What you need to do: Please write out exactly the lines from the opening of the listing through the line that holds "Οι μικροί μας", including both, and nothing else; no pictures.

Collected data:
-- Opening Marker --

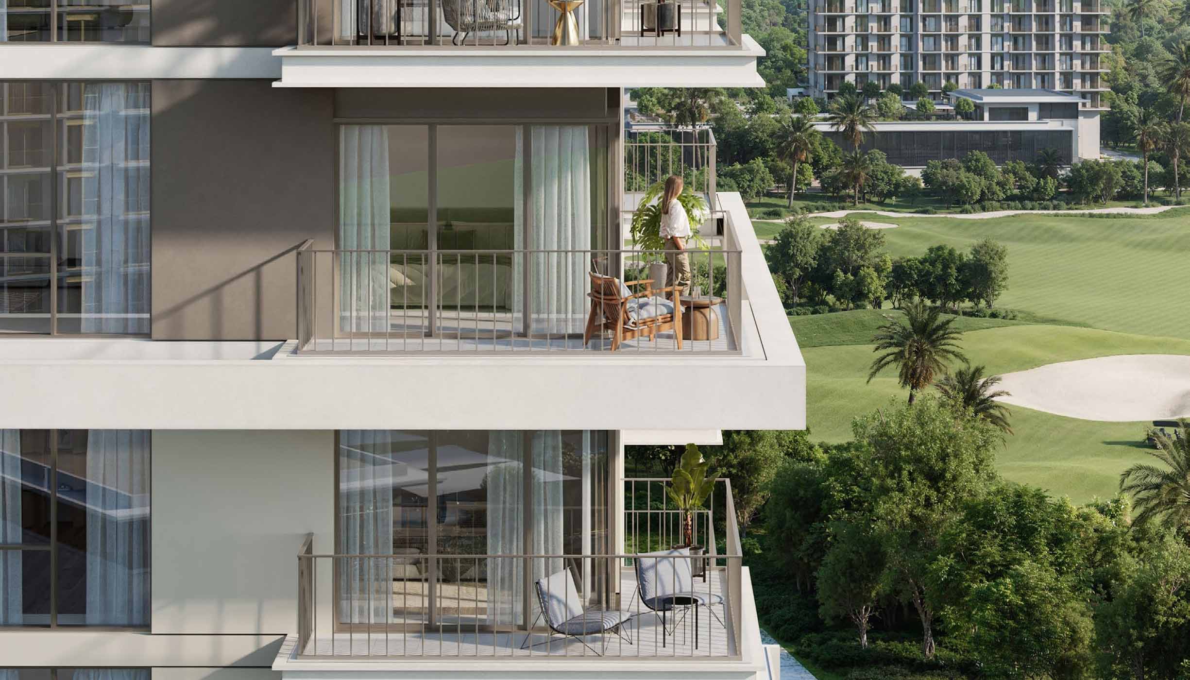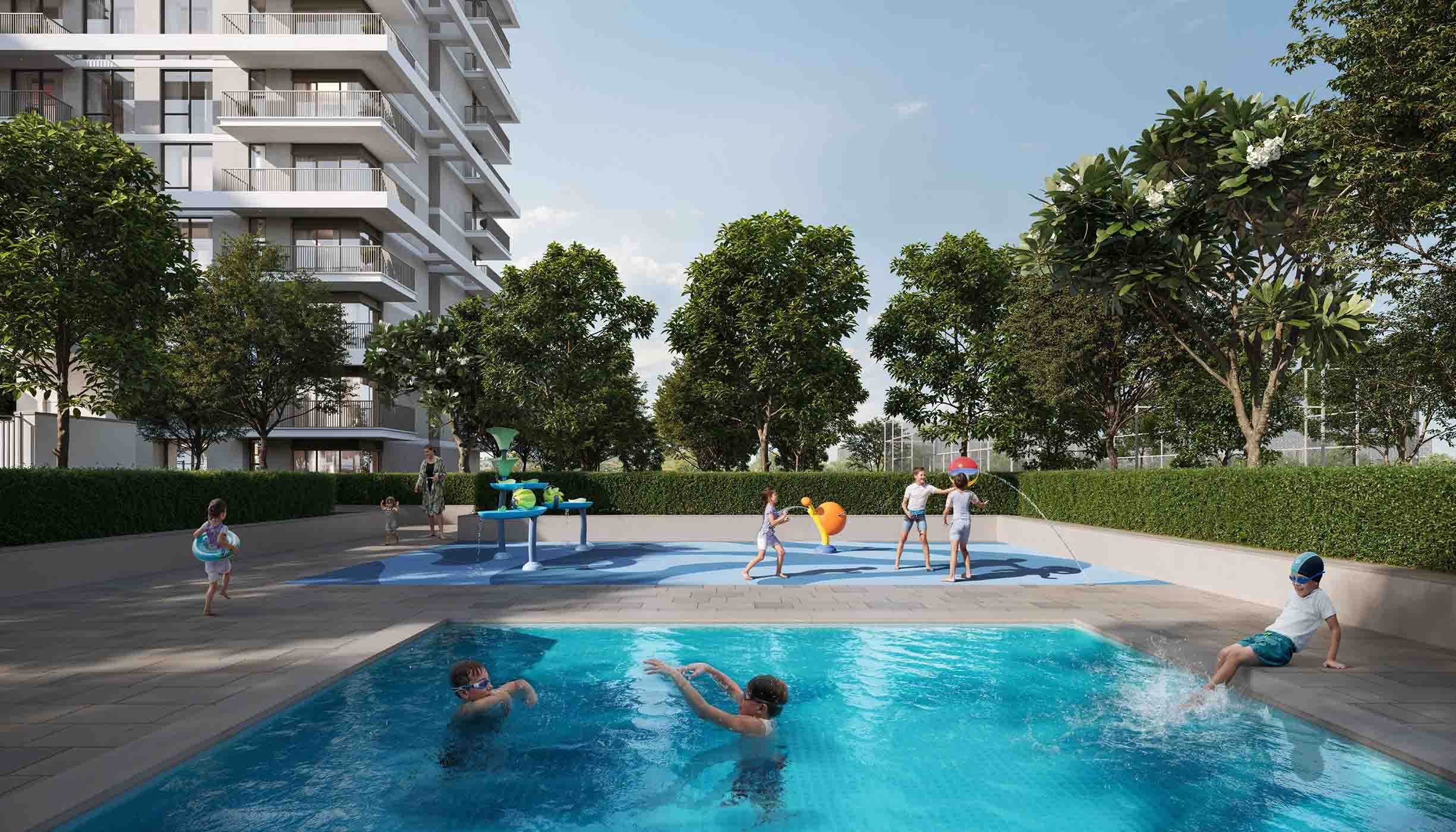 The community features a selection of 1 to 3-bedroom apartments and spacious 3-bedroom townhouses, each offering stunning views of landscaped gardens and rolling green hills. Prices for a 1-bedroom apartment start at AED 1.12 million (USD 305K), with an attractive 80/20 payment plan available.
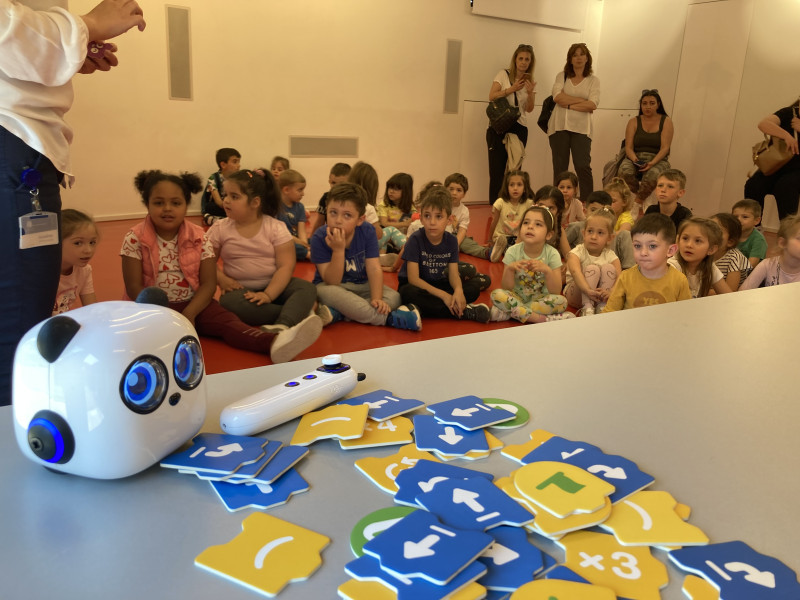 Οι μικροί μας φίλοι ξεναγήθηκαν στο παιδικό τμήμα και γνώρισαν τη παιδική συλλογή βιβλίων και παιχνιδιών. Έμαθαν για το πώς μπορούν να γίνουν μέλη μιας Βιβλιοθήκης και μοιράστηκαν μαζί μας τα αγαπημένα τους παιδικά βιβλία. Έπειτα, χωρίστηκαν σε ομάδες και ασχολήθηκαν με το εκπαιδευτικό πακέτο ρομποτικής mTiny, πραγματοποιώντας μια πρώτη εισαγωγή στον κόσμο του προγραμματισμού. Εξέφρασαν τις ιδέες τους για το τι είναι η ρομποτική και τι μπορούμε να κάνουμε με την κατασκευή ρομπότ. Στη συνέχεια, έπαιξαν με το μικρό πάντα-ρομποτάκι, που τους ενθουσίασε με τις δυνατότητές του, σχεδίασαν διαδρομές με τις κάρτες προγραμματισμού και διασκέδασαν με τους διαδραστικούς χάρτες!
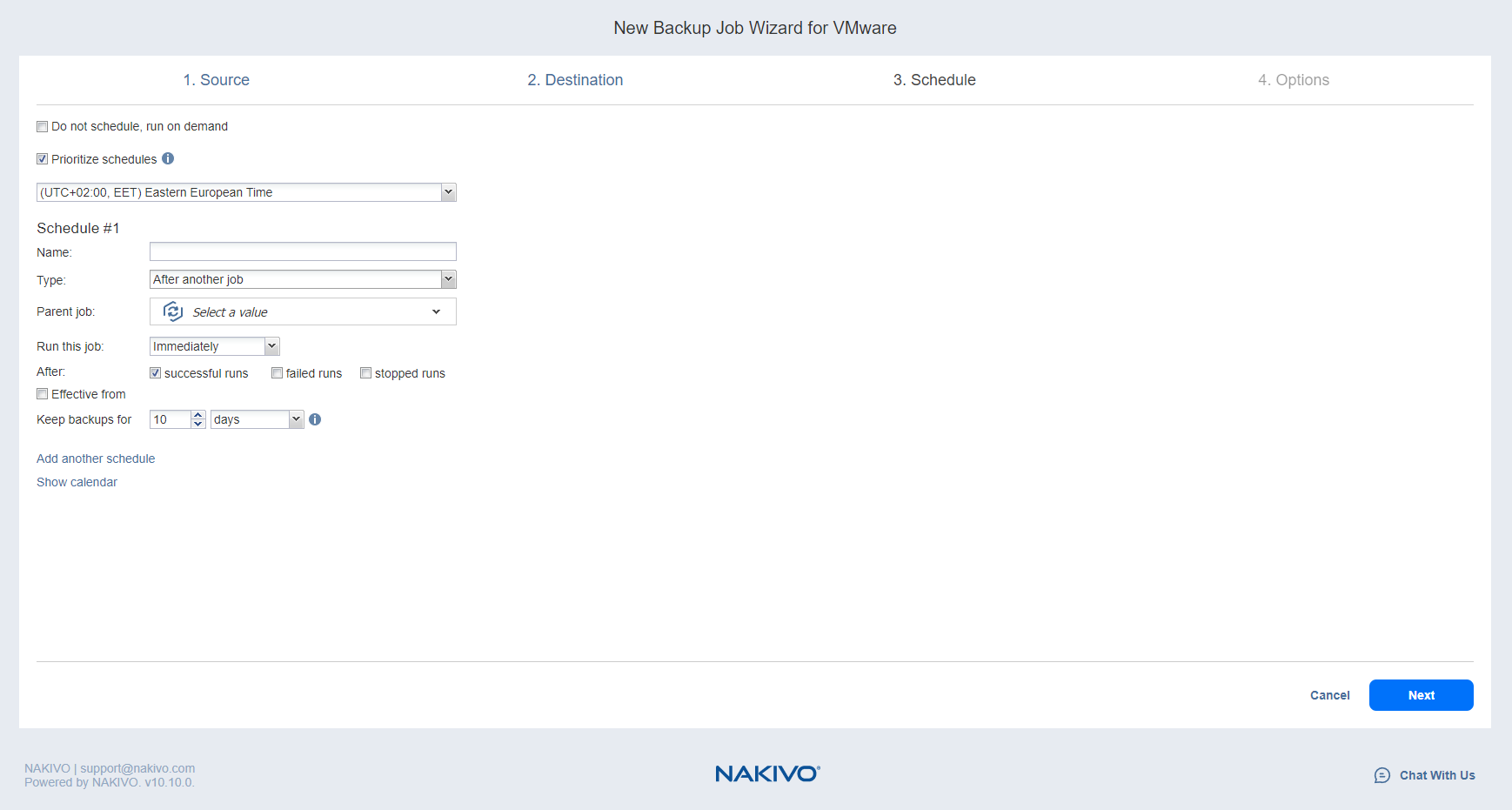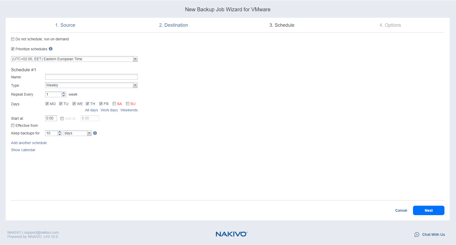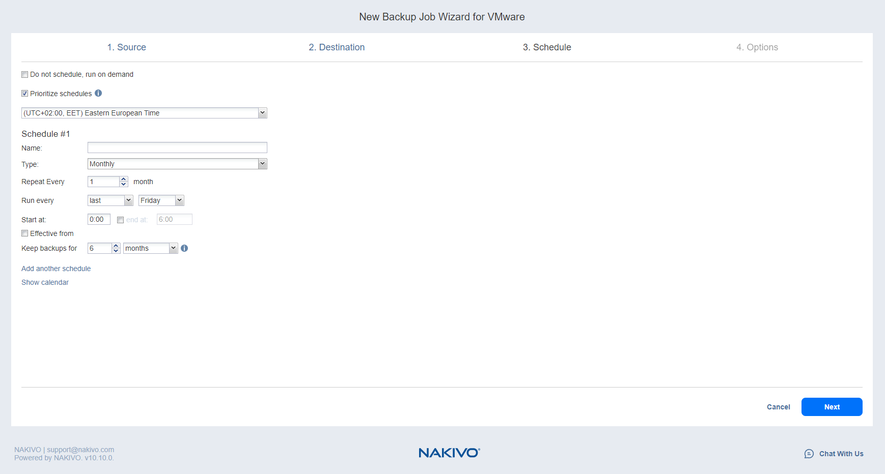 • Keep backups for: Specify how many days, months, or years NAKIVO Backup & Replication should retain the backups.

-- Closing Marker --

Your response:
 The community features a selection of 1 to 3-bedroom apartments and spacious 3-bedroom townhouses, each offering stunning views of landscaped gardens and rolling green hills. Prices for a 1-bedroom apartment start at AED 1.12 million (USD 305K), with an attractive 80/20 payment plan available.
 Οι μικροί μας φίλοι ξεναγήθηκαν στο παιδικό τμήμα και γνώρισαν τη παιδική συλλογή βιβλίων και παιχνιδιών. Έμαθαν για το πώς μπορούν να γίνουν μέλη μιας Βιβλιοθήκης και μοιράστηκαν μαζί μας τα αγαπημένα τους παιδικά βιβλία. Έπειτα, χωρίστηκαν σε ομάδες και ασχολήθηκαν με το εκπαιδευτικό πακέτο ρομποτικής mTiny, πραγματοποιώντας μια πρώτη εισαγωγή στον κόσμο του προγραμματισμού. Εξέφρασαν τις ιδέες τους για το τι είναι η ρομποτική και τι μπορούμε να κάνουμε με την κατασκευή ρομπότ. Στη συνέχεια, έπαιξαν με το μικρό πάντα-ρομποτάκι, που τους ενθουσίασε με τις δυνατότητές του, σχεδίασαν διαδρομές με τις κάρτες προγραμματισμού και διασκέδασαν με τους διαδραστικούς χάρτες!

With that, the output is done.